• What you need to do: Each line below from the line with "大家好,綜合小編來為大家解答" to the line with "Zudem haben unsere" must be copied exactly, including those two, and no picture may appear in the copy.

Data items
━━━━━━━━━━━━━━━━━━━━━━━━━━━━━━

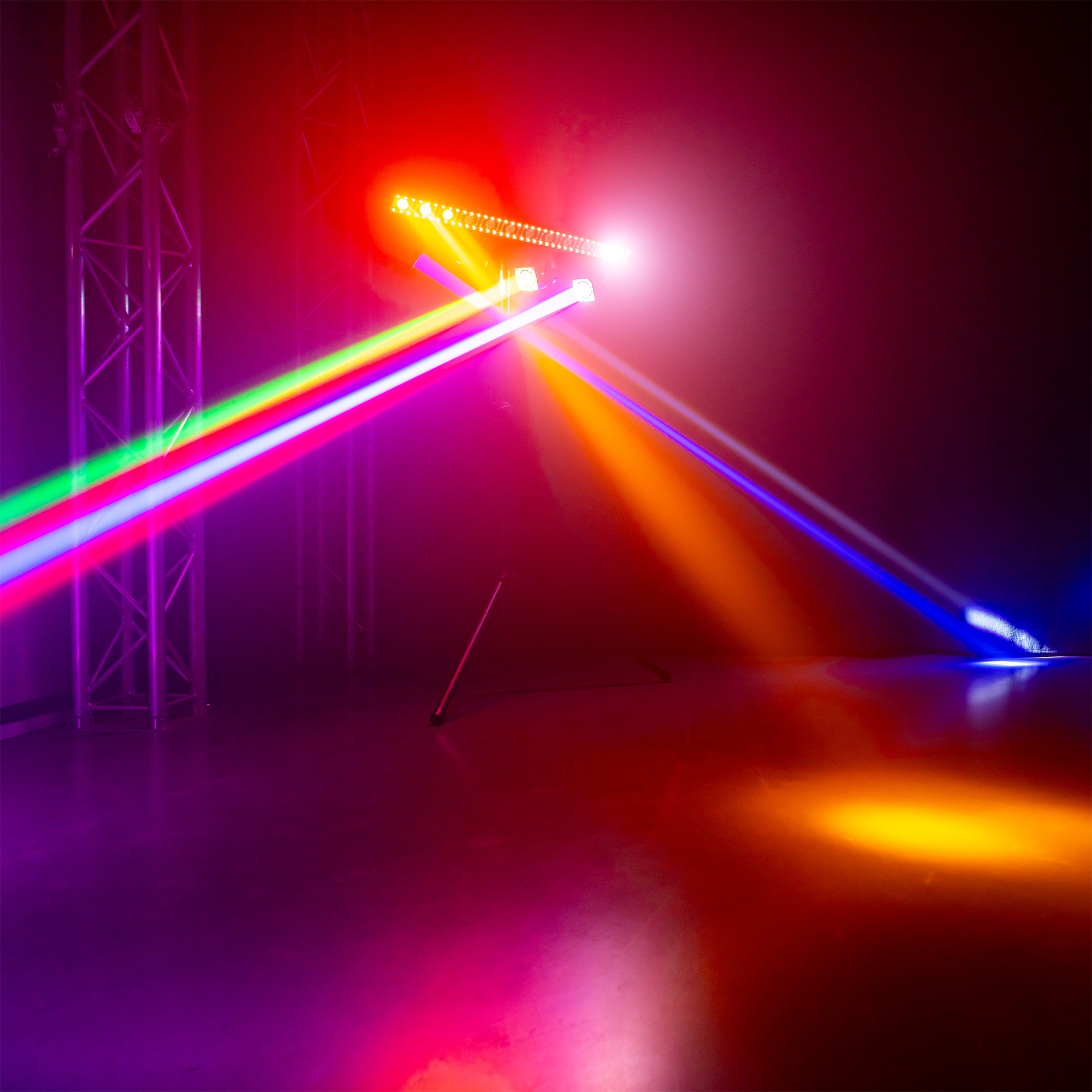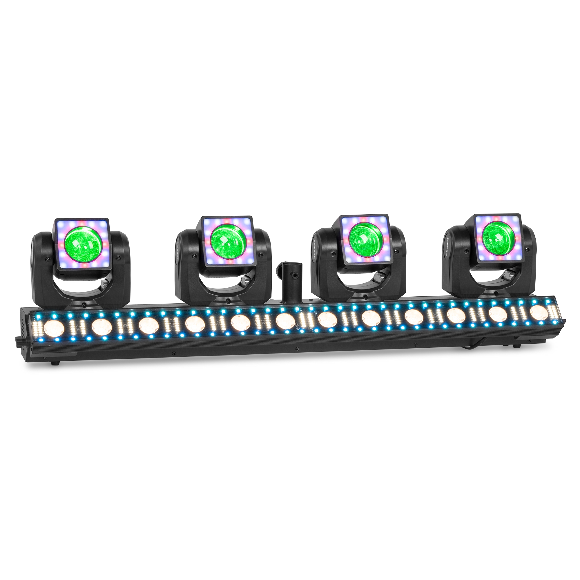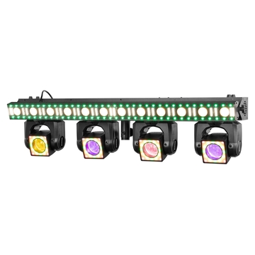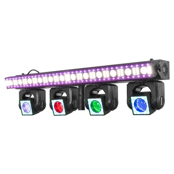 - 4x 40W Moving Heads 4-in-1 LEDs
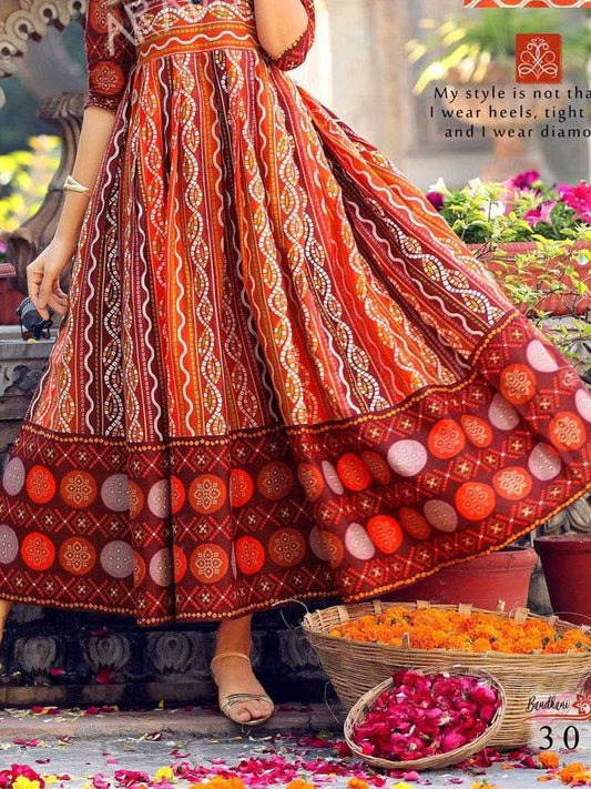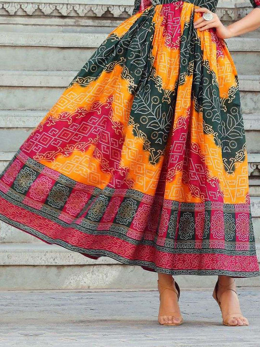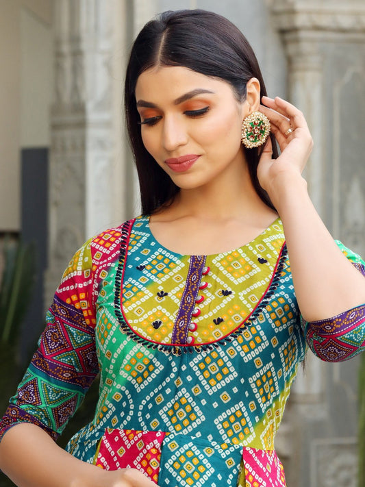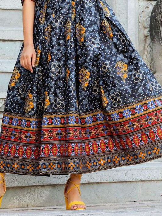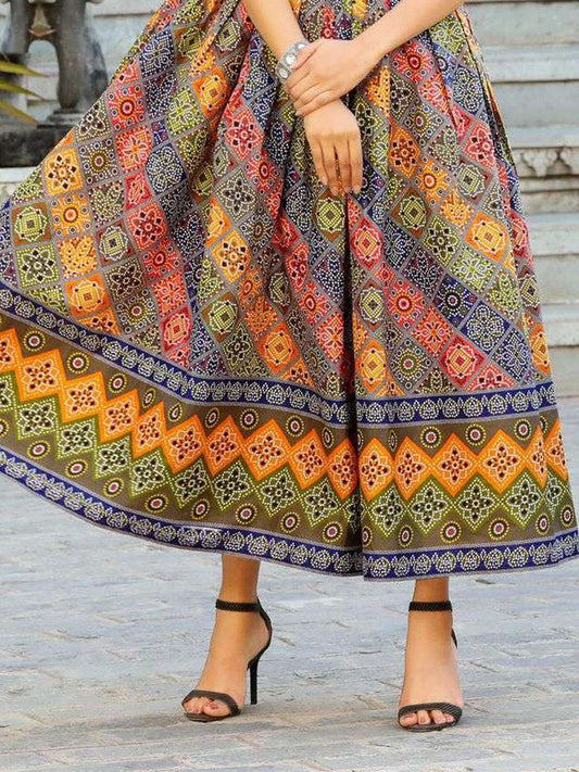 Multicolor Printed Flared Cotton Long Kurti
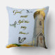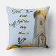 Encantadora almohada motivadora inspiradora de un faro con "La Cruz". El texto dice: "Dios iluminará tu camino a casa.
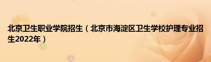大家好,綜合小編來為大家解答以上問題。北京衛生職業學院招生,北京市海淀區衛生學校護理專業招生2022年很多人還不知道,現在讓我們一起來看看吧!
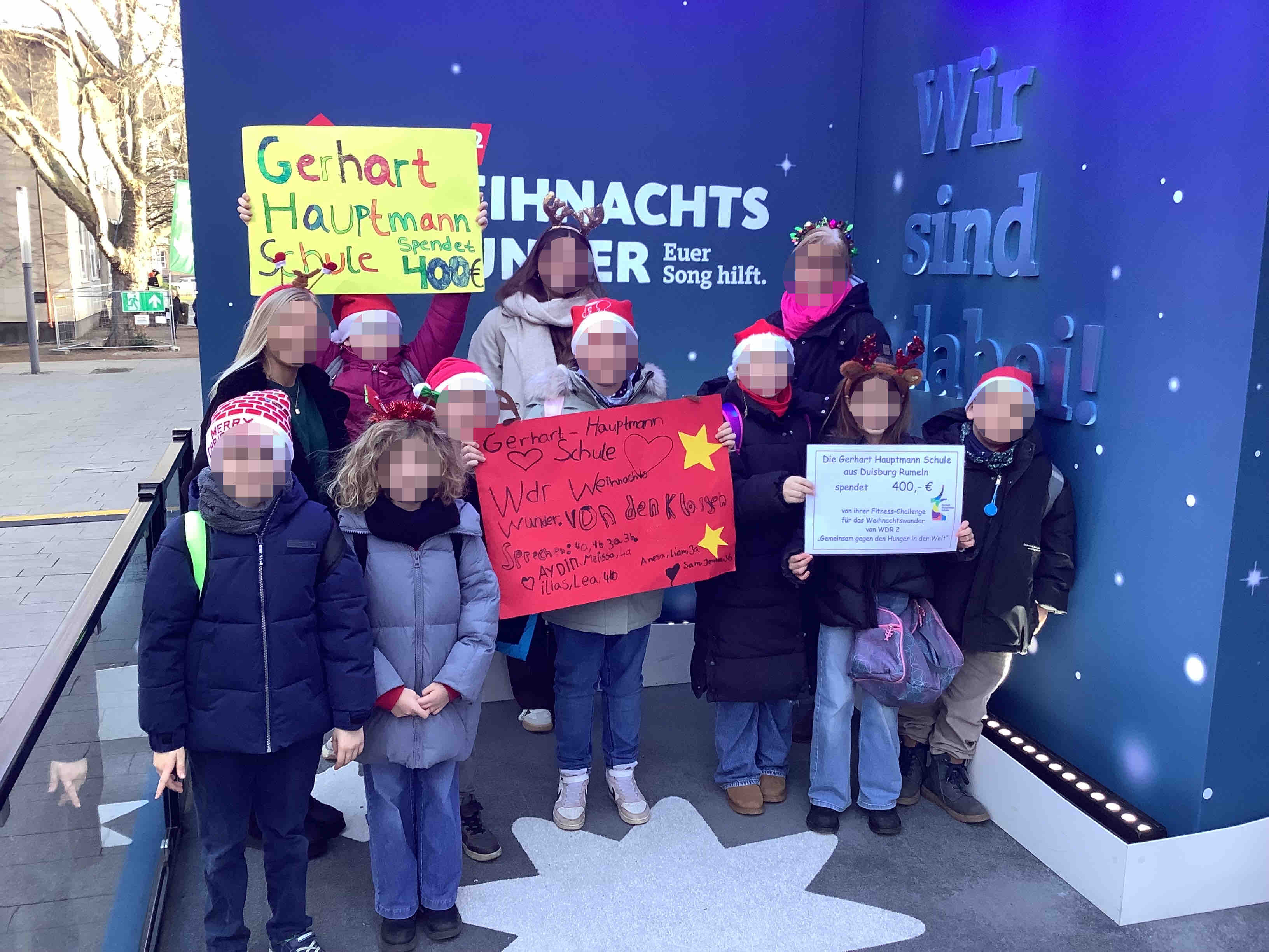 Zudem haben unsere Klassensprecherteams aller Klassen auf der Klassensprecherkonferenz beschlossen, 400€ von der Fitness-Challenge an das WDR 2 Weihnachtswunder zu spenden. Unter dem Slogan "Gemeinsam gegen den Hunger in der Welt" werden mit den Spenden sowohl in Deutschland als auch weltweit Kinder, Frauen und Männer unterstützt, die von Hunger und Armut betroffen sind.
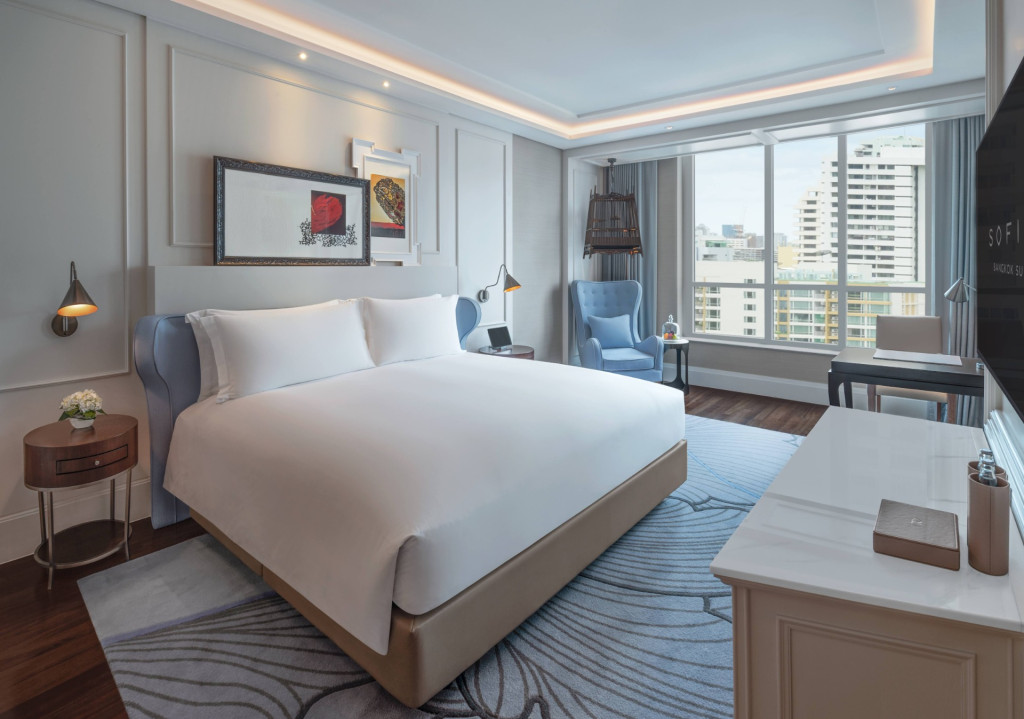 Sofitel Bangkok Sukhumvit, South east Asia's flagship for Sofitel Hotels, brings refined French elegance to Bangkok. The iconic 32-storey art deco inspired hotel occupies a prime location at the heart of vibrant downtown Sukhumvit. Making it the perfect choice for tourists and travellers looking for a luxurious stay within the main city district of Bangkok. The luxury 5-star hotel also features renowned fusion French and Thai restaurants such as the Belga Rooftop Bar & Brasserie and Bella Sera Restaurant.

━━━━━━━━━━━━━━━━━━━━━━━━━━━━━━

• Exercise result:
大家好,綜合小編來為大家解答以上問題。北京衛生職業學院招生,北京市海淀區衛生學校護理專業招生2022年很多人還不知道,現在讓我們一起來看看吧!
 Zudem haben unsere Klassensprecherteams aller Klassen auf der Klassensprecherkonferenz beschlossen, 400€ von der Fitness-Challenge an das WDR 2 Weihnachtswunder zu spenden. Unter dem Slogan "Gemeinsam gegen den Hunger in der Welt" werden mit den Spenden sowohl in Deutschland als auch weltweit Kinder, Frauen und Männer unterstützt, die von Hunger und Armut betroffen sind.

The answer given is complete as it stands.